On a Sunday night when they could have been doing homework, Christmas shopping or watching TV, a group of high school students at Church of the Resurrection in Wheaton, Illinois, gathered to make a difference in the lives of those often forgotten—hospice patients. Students used markers and colored pencils to design simple greeting cards that would deliver Christ’s love to patients lacking crucial support and companionship.
“Many hospice patients are lonely and have no family connections,” says Deacon and Hospice Chaplain the Rev. Philip Kenyon, who suggested the card making and provided paper for the cards. “Sometimes there are two patients to a room, and one wall will have photos and cards while the other side will be very stark with hardly anything. It’s important for those people to have a birthday card, a Christmas card, a Hanukkah card.”

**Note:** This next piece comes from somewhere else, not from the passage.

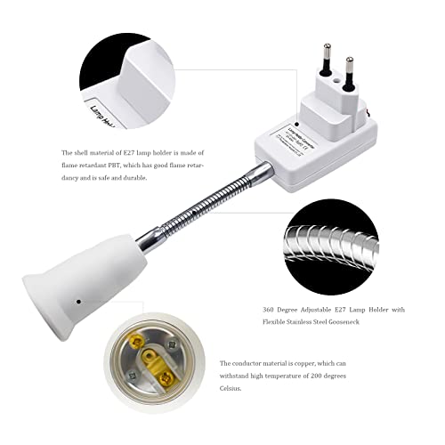 【Regolabile a 360 gradi】Portalampada E27 con collo di cigno flessibile in acciaio inox. Grazie al collo di cigno flessibile, il portalampada può essere ruotato di 360 gradi per adattarsi a una presa di casa, in modo da poter regolare l'angolo e la direzione dell'illuminazione secondo necessità, godetevi una buona esperienza di luce.

Resurrection’s artistic endeavor was one in a series of Sunday night service projects that Youth Minister Brett Crull calls “Work It.” As the students hunched over their project, brightly colored butterflies, crosses, cakes, balloons and gifts soon decorated the stacks of plain white cards. Messages ranged from “Remember God loves you” to “Today is a gift” to “God bless you, I love you.”
At the end of the night, Philip gathered the cards...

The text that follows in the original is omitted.